Analysis of bulk RNA sequencing data from human donor eyes has revealed that DRAM2 expression is slightly but significantly lower in AMD retinas and RPE/Choroids compared to non-AMD controls (p < 0.05 and p < 0.01, respectively) . This decrease does not appear to be simply a consequence of photoreceptor or RPE cell loss, as no significant correlation was found between DRAM2 expression and cell-type markers like RCVRN (photoreceptors) or BEST1 (RPE cells) . In situ hybridization studies in advanced dry AMD donor eyes showed DRAM2 mRNA detected sparsely in all retinal layers, with relatively abundant signal in a few cells in the choriocapillaris where RPE was destroyed in AMD lesions .

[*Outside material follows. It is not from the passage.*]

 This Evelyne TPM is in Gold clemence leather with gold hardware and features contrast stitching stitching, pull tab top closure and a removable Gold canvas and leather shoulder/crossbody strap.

DRAM2 appears to play a protective role against cellular stressors, particularly in retinal pigment epithelium cells. Experimental evidence shows:
In human primary RPE cells with DRAM2 knockdown:
Accelerated cell death following A2E treatment (median survival reduction from 126h to 102-114h)
Increased vulnerability to sodium iodate toxicity (median survival reduction from 118h to 64-78h)
In hPSC-derived RPE cells with DRAM2 knockout:
Significantly reduced survival after A2E treatment (median survival reduction from 72h to 42-50h)
Enhanced sensitivity to sodium iodate (median survival reduction from 86h to 34h)
These findings indicate DRAM2 plays an important role in cellular resilience against toxicity-induced cell death, potentially through autophagy regulation or other cellular protective mechanisms.
While the search results don't provide specific protocols for recombinant DRAM2 expression, general principles for membrane protein expression can be applied, with modifications based on DRAM2's characteristics:
Expression System Considerations:
Mammalian expression systems (HEK293, CHO cells) are likely preferable given DRAM2's six transmembrane domains
Codon optimization for the expression host may improve yields
Addition of N-terminal signal sequences and C-terminal purification tags (avoiding disruption of transmembrane domains)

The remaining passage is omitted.